BCG Vaccination Effect on Latent Reservoir Size in Treated HIV-1 Infection: (BELIEVE)

April 3, 2023 updated by: University of Zurich

A Phase IIA Randomized Double-blind Placebo-controlled Single-centre Study of the Effect of Bacillus Calmette-Guérin (BCG) Vaccination on the HIV Latent Reservoir

A phase IIA randomized double-blind placebo-controlled single-centre study of the effect of Bacillus Calmette-Guérin (BCG) vaccination on the HIV latent reservoir

Study Overview

Status

Active, not recruiting

Conditions

Intervention / Treatment

Detailed Description

Background and Rationale:

HIV infection affects around 40 million people globally and is incurable due to persistence of viral genetic material within the host genome as the latent reservoir. Patients within the Swiss HIV Cohort Study with latent tuberculosis were recently shown to have a reduced set point HIV viral load compared to tuberculosis (TB)-naïve individuals. The BCG vaccine has been shown to have wide-ranging immunostimulatory effects and can simulate latent tuberculosis infection.

Objective(s):

The purpose of this study is to characterise potential sustained and clinically relevant effects of the BCG vaccine on the size of the latent HIV-1 reservoir in individuals with stable treated HIV-1 infection with suppressed viremia.

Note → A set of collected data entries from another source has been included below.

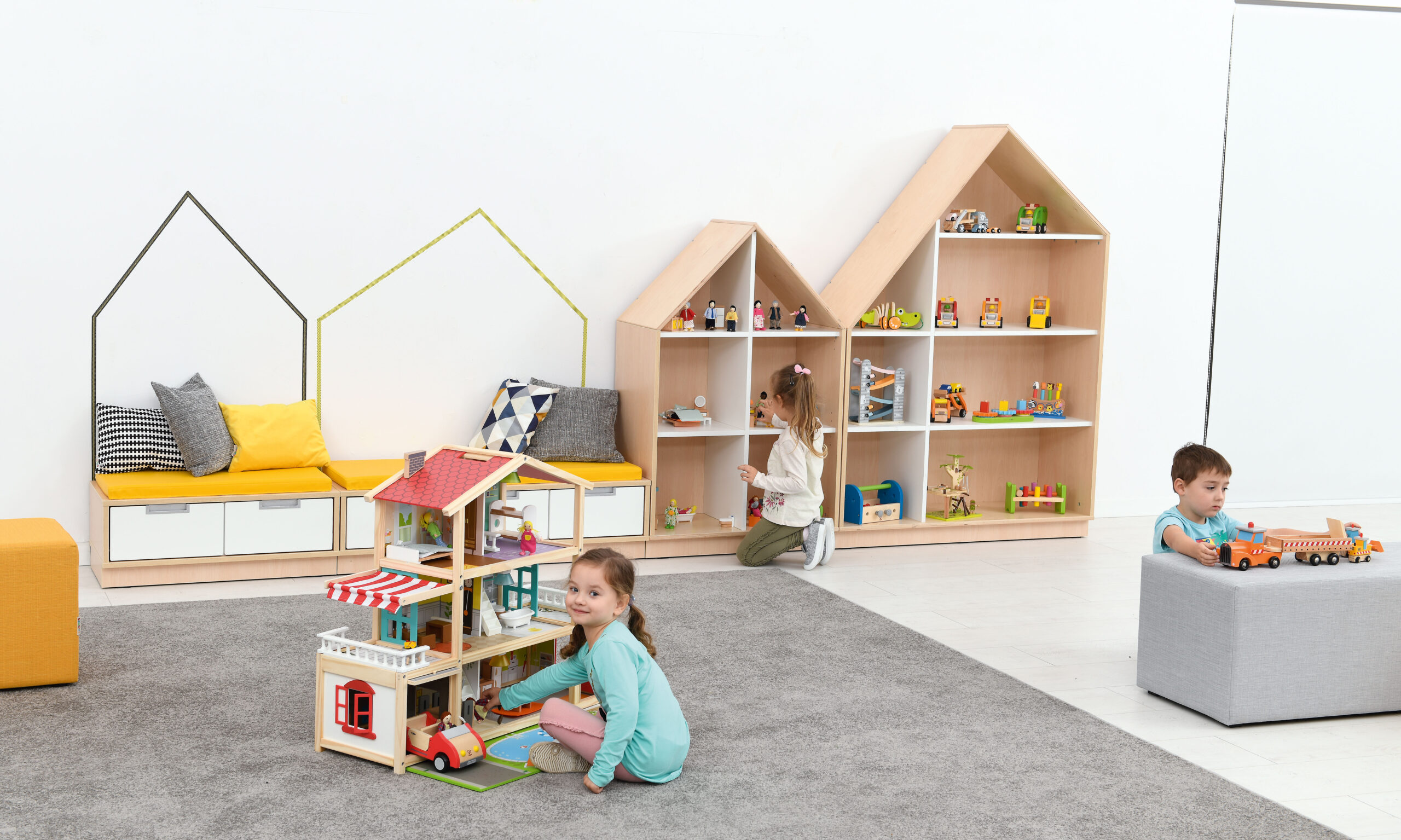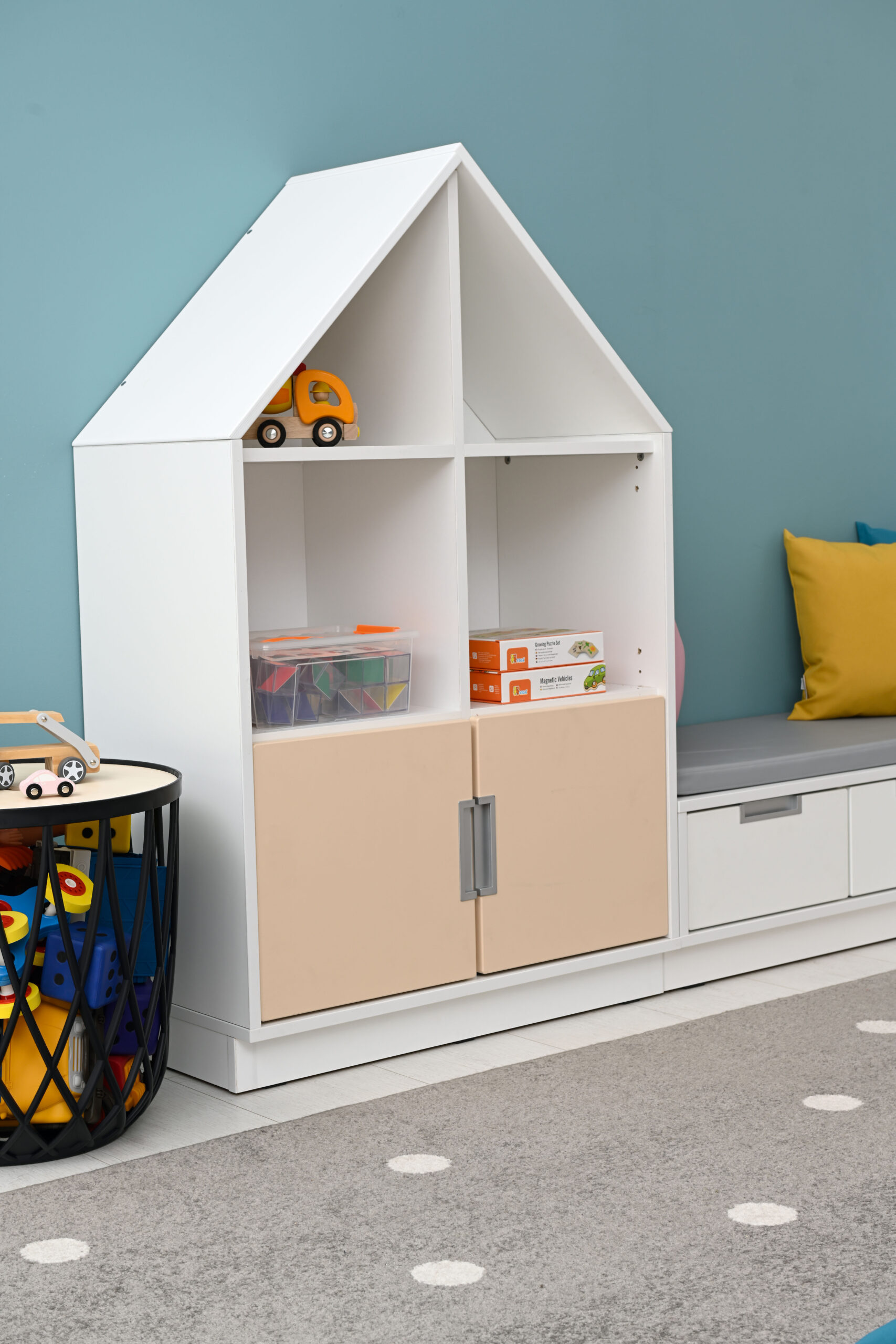 Namuko formos spintelė pagaminta iš 18 mm storio laminuotos klevo arba baltos spalvos plokštės ir 18 mm storio lakuotos faneros. Galima papildyti mažomis durelėmis (092200-092211, 092200S-092211S, parduodamos atskirai), rasite čia : https://vaikuplaneta.lt/produkto-kategorija/vidaus-inventorius/darzeliui/kita-darzeliui/
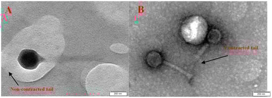 Morphological characterization of isolated phages was performed via a Hitachi transmission electron microscope H-9500 (Tokyo, Japan) at the Faculty of Science, Al-Azhar University, Cairo, Egypt. The phage samples were prepared and examined by TEM [27].
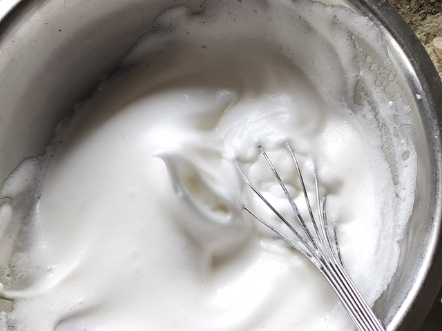 2:卵白に砂糖を一つまみ加えて泡立て始め、途中二回に分けて砂糖を加え、ピンと角が立つまで泡だててメレンゲを作りましょう。
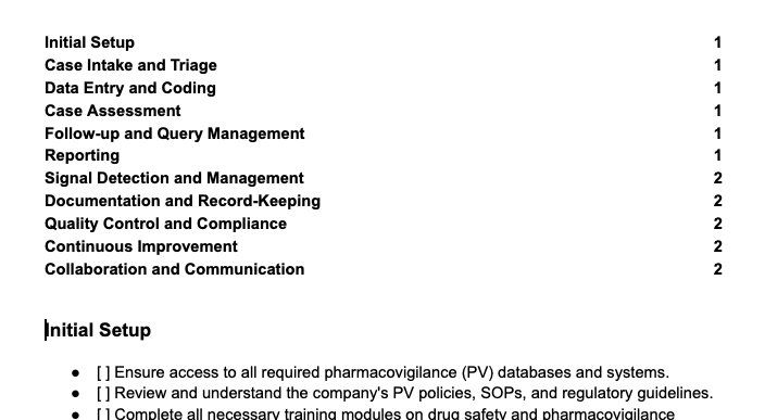 This checklist provides a high-level overview of the pharmacovigilance process. The main activities include: case intake and triage, data entry and coding, case assessment, follow-up and query management, reporting, signal detection and management, documentation and record-keeping, quality control and compliance, continuous improvement, and collaboration and communication.
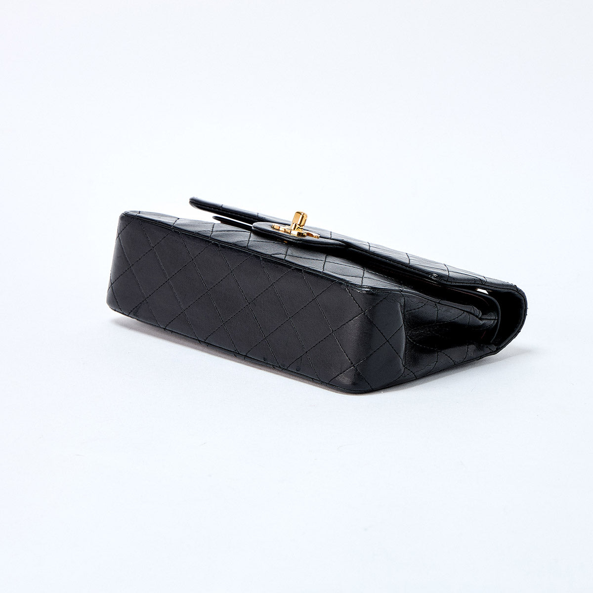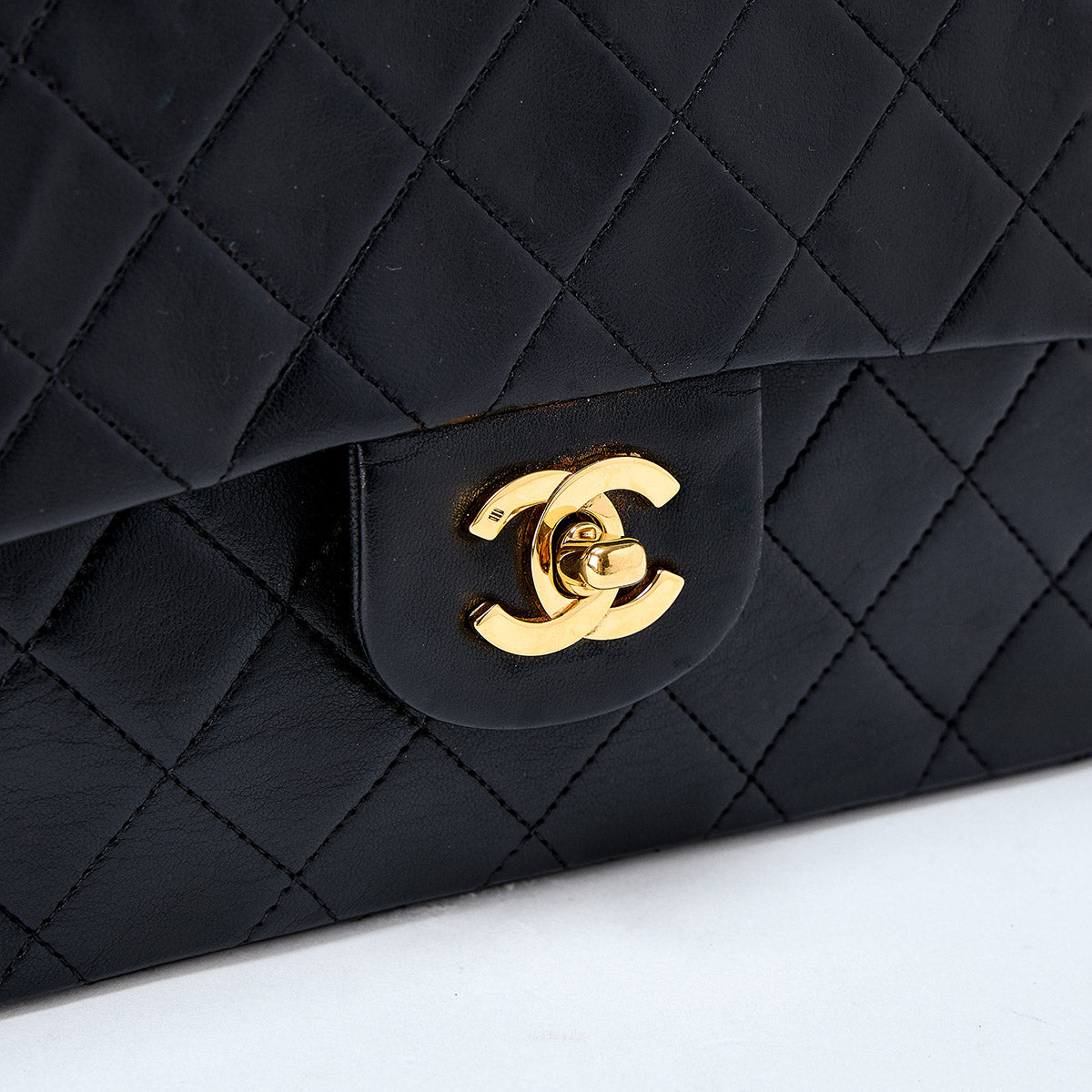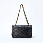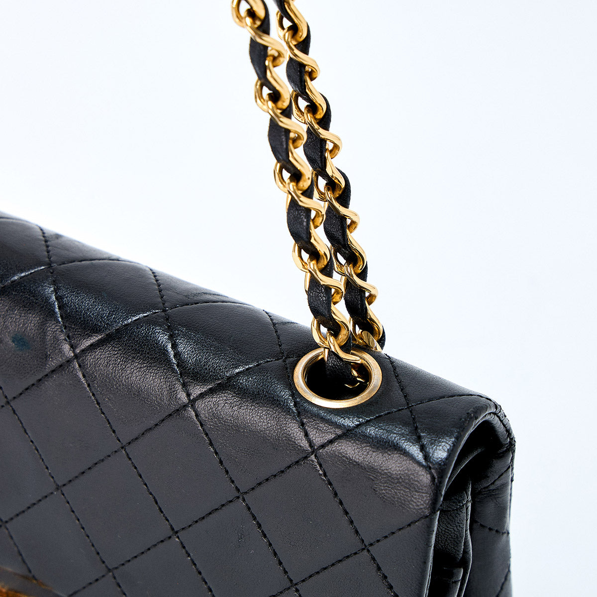 CHANEL Matelasse 23 Double Flap Double Chain Shoulder Bag circa 1990 Black Gold Lamb Skin Auth

The study seeks primarily to determine the effect of a single dose of the BCG vaccine on the size of the latent HIV-1 viral reservoir over a period of up to 6 months post-administration compared to the size at baseline.

Study design:

Monocentric, randomized, placebo-controlled, stepped-wedge study design with all patients receiving BCG either at baseline or after three months

Measurements and procedures:

Measurement of the HIV-1 latent reservoir using peripheral blood mononuclear cells at three monthly intervals beginning on Day 0.

Study Product / Intervention: Single intradermal application of BCG Vaccine AJVaccines powder for suspension for injection according to the manufacturers' instructions.

Control Intervention: Single intradermal application of 0.1ml of 0.9% saline placebo using an identical procedure.

Number of Participants with Rationale: The study involves 60 participants in total, divided equally between two groups, who will receive early or late administration of the BCG vaccine.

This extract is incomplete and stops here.